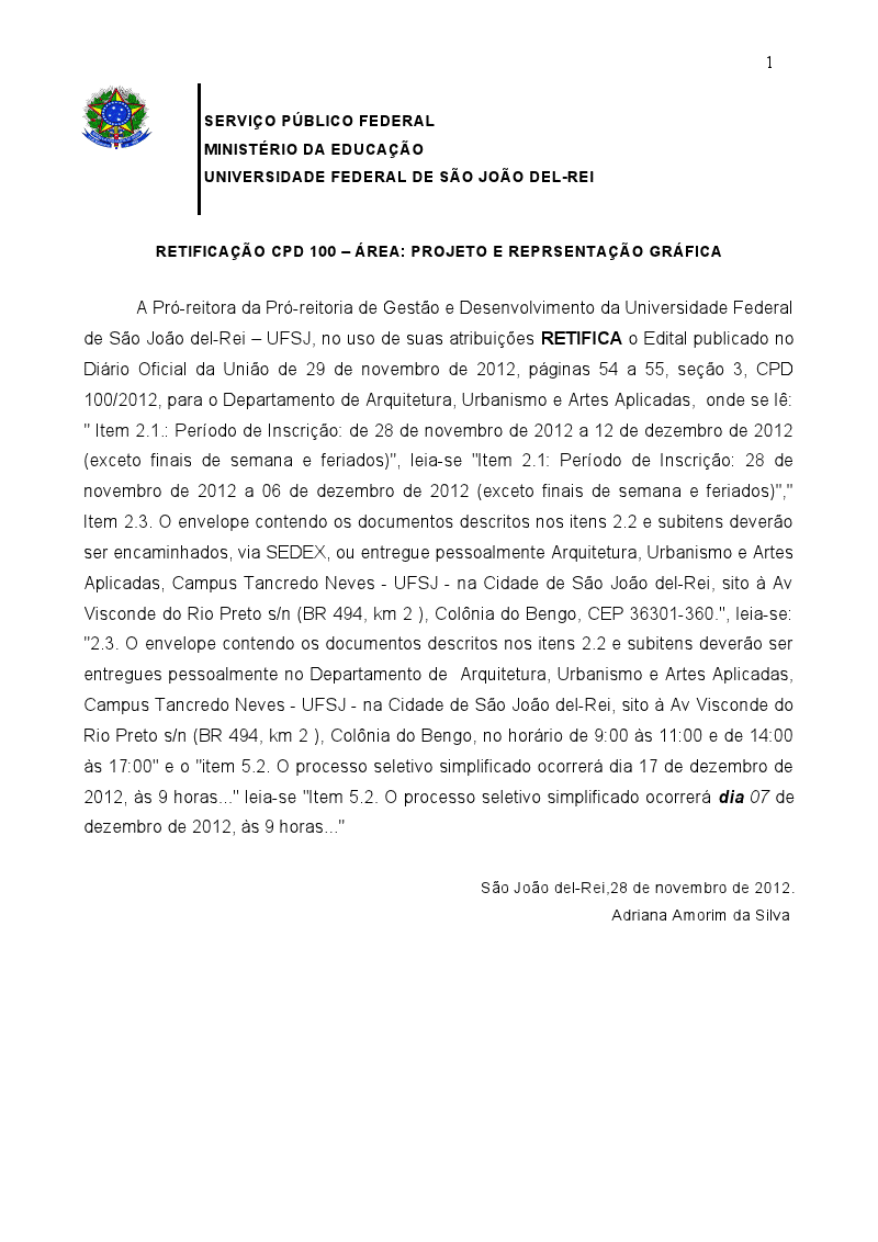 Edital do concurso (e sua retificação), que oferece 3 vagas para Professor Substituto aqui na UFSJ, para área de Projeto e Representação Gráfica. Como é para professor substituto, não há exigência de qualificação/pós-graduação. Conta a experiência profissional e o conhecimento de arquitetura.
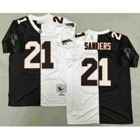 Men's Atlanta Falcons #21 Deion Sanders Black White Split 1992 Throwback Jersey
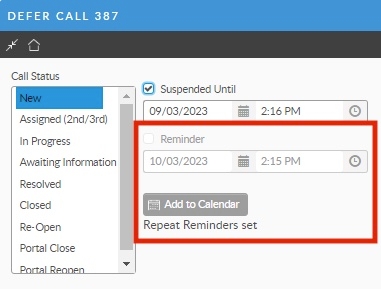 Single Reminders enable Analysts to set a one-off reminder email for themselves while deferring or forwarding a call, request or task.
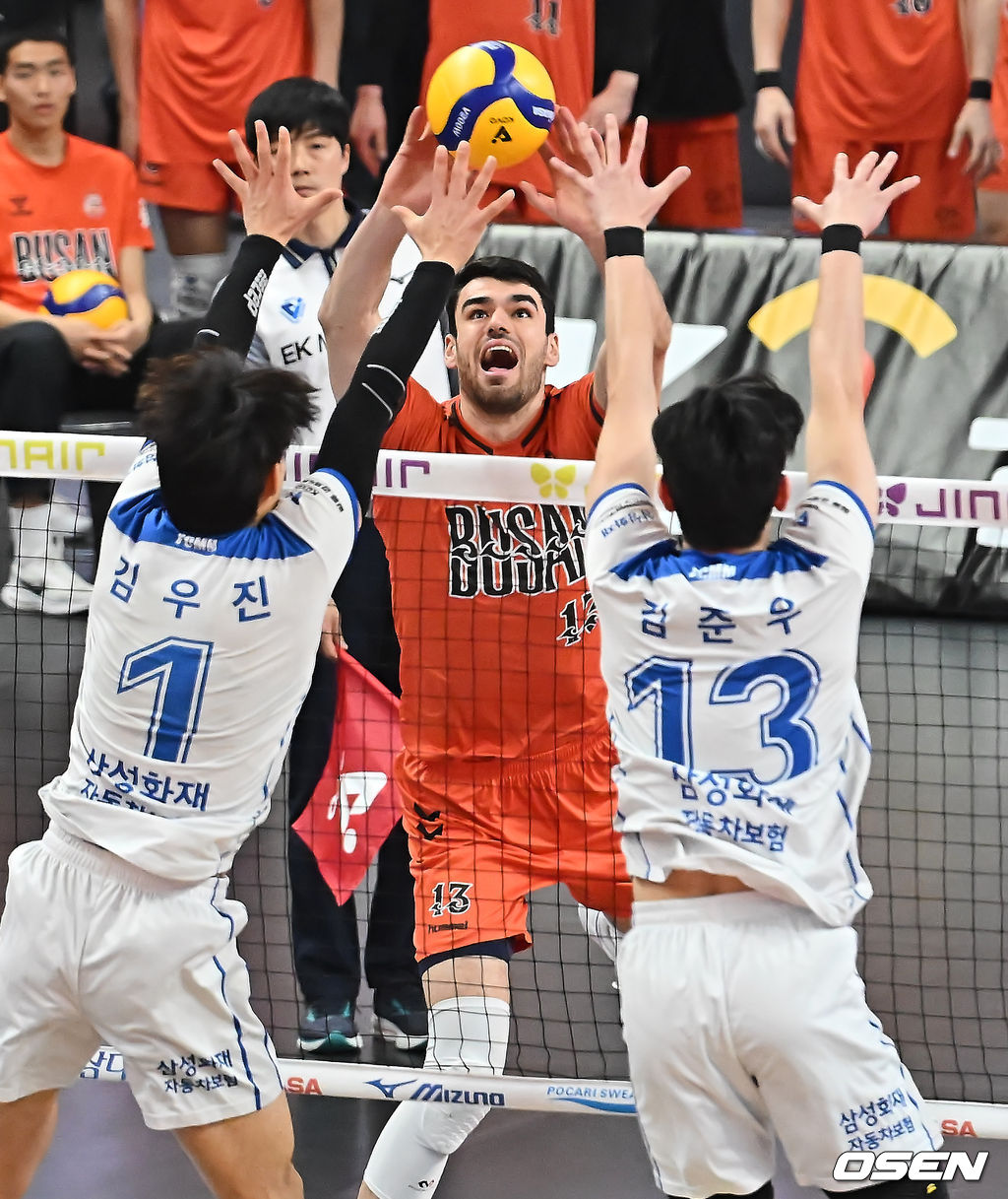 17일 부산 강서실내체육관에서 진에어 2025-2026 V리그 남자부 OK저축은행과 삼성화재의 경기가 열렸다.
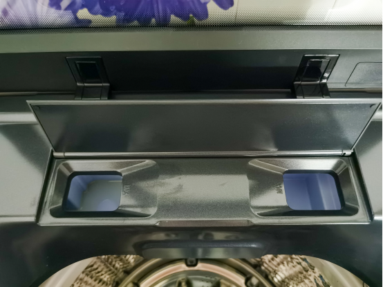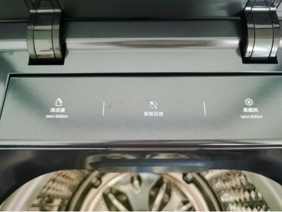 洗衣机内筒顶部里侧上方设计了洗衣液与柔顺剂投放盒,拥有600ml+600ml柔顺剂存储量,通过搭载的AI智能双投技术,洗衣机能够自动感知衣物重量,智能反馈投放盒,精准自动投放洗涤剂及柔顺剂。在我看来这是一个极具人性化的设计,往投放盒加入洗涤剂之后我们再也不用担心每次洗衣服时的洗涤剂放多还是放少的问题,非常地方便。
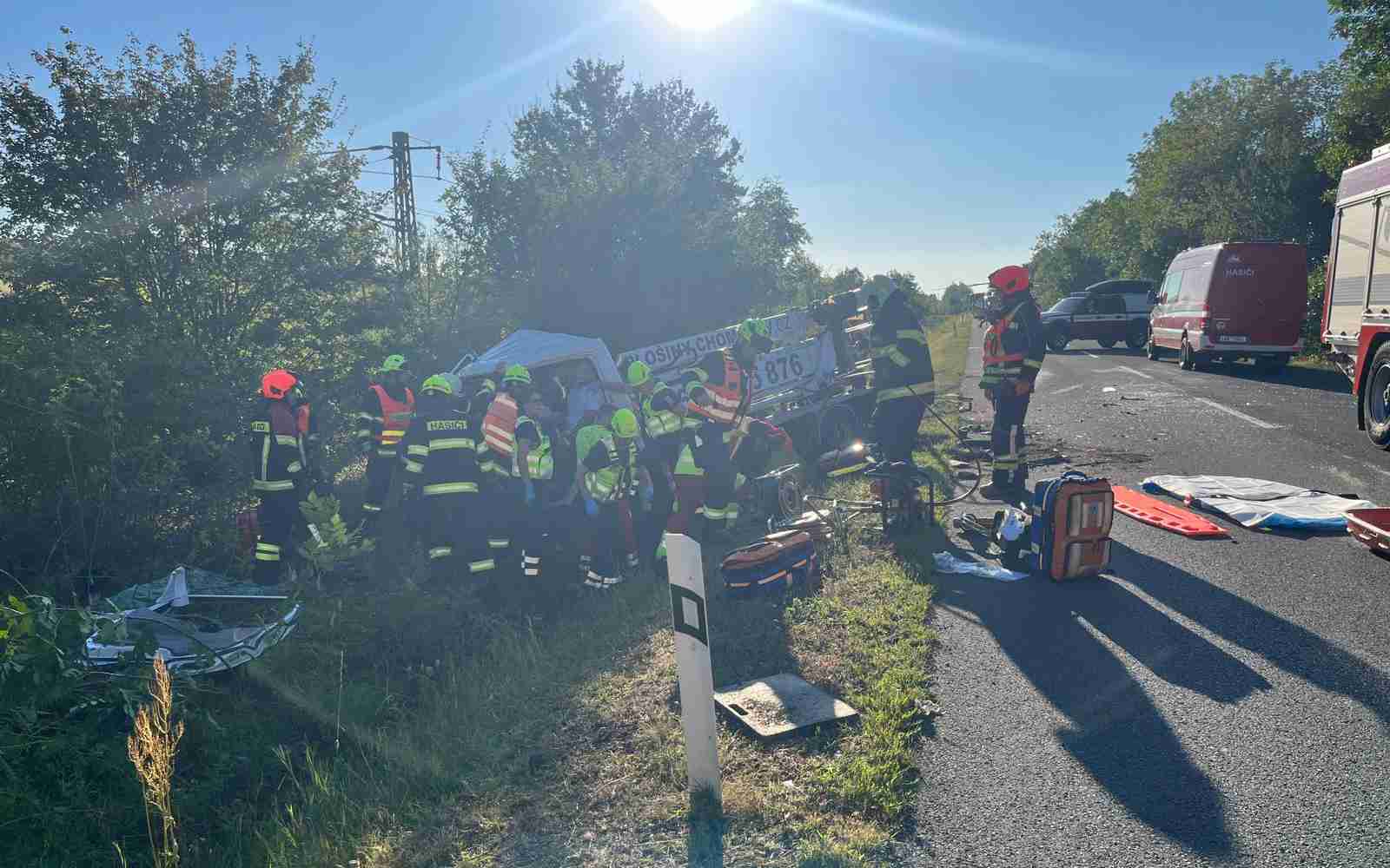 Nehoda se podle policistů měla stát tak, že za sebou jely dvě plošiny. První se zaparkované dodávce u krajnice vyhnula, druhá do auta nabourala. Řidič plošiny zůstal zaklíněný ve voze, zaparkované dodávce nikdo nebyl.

==

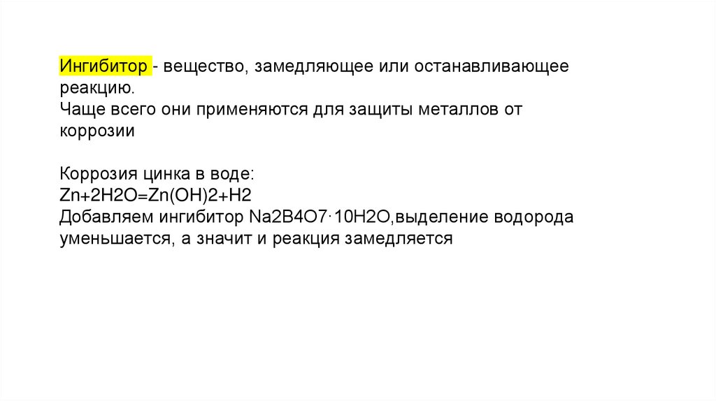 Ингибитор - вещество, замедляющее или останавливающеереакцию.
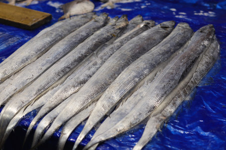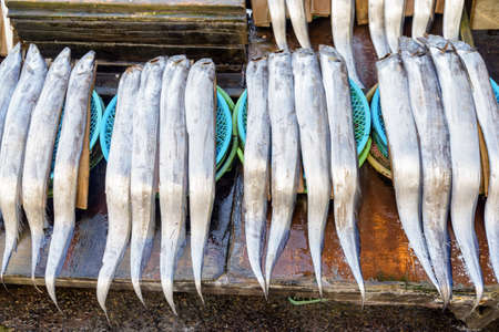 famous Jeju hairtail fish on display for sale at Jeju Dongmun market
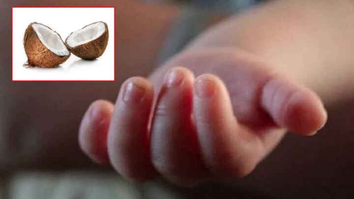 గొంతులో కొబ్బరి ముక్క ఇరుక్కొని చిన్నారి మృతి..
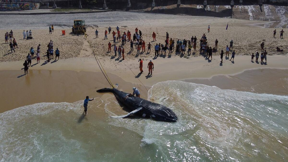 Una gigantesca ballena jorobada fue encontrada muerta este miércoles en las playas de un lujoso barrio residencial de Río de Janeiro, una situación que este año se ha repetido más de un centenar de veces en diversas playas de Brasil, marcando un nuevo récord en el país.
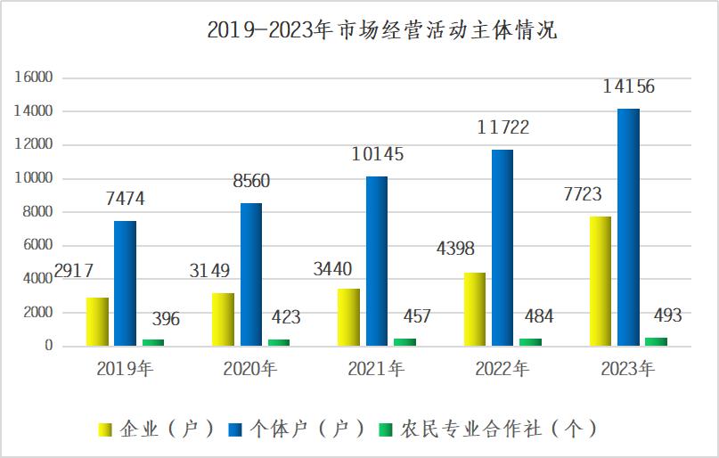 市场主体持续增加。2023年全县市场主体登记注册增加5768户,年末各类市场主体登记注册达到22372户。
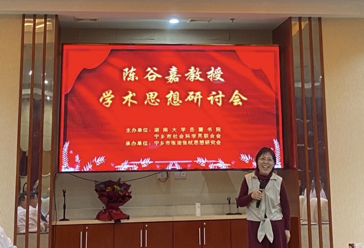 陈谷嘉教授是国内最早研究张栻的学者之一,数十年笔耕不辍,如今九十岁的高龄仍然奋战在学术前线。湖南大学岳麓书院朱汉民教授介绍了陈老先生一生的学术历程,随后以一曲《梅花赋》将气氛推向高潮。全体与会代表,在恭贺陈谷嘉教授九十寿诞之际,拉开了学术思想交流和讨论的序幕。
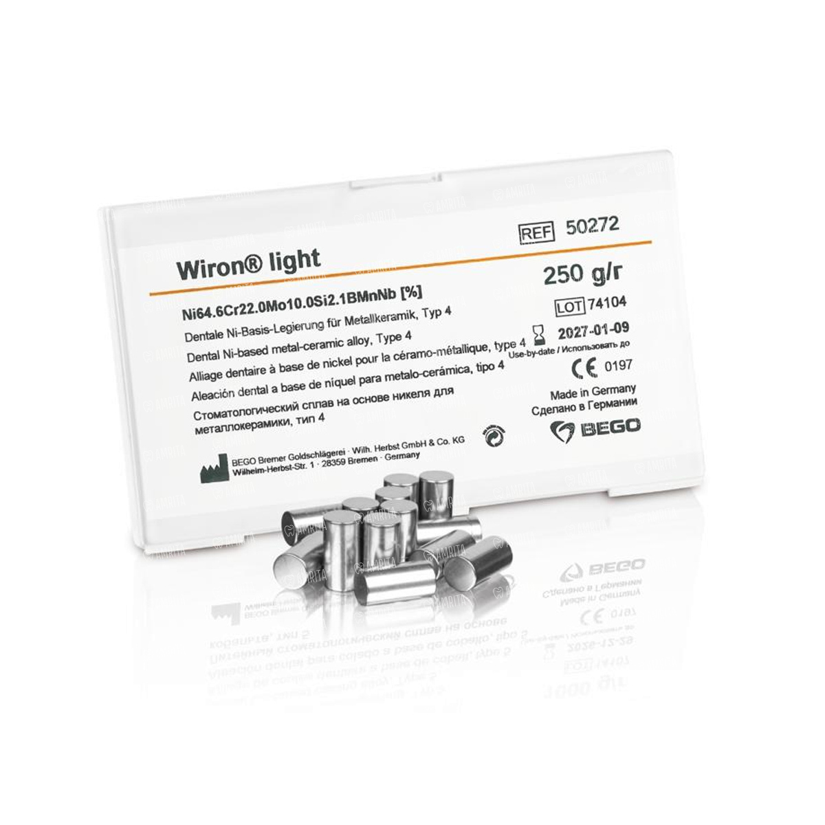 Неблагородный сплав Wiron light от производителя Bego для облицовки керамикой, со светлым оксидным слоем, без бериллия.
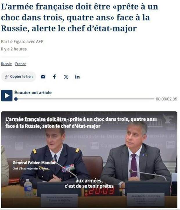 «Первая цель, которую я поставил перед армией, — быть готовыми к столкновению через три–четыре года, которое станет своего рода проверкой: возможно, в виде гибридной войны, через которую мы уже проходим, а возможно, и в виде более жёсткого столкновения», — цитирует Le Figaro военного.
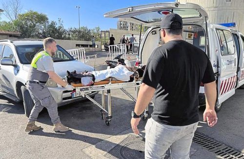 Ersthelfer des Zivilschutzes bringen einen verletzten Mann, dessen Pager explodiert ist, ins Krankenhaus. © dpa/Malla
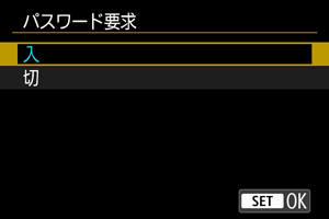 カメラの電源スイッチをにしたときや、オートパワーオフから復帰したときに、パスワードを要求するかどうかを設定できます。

What you will do>
Take the material above from the line containing "Ersthelfer des Zivilschutzes" up to and including the line containing "カメラの電源スイッチをにした" and retype it exactly, without any pictures.

Result>
 Ersthelfer des Zivilschutzes bringen einen verletzten Mann, dessen Pager explodiert ist, ins Krankenhaus. © dpa/Malla
 カメラの電源スイッチをにしたときや、オートパワーオフから復帰したときに、パスワードを要求するかどうかを設定できます。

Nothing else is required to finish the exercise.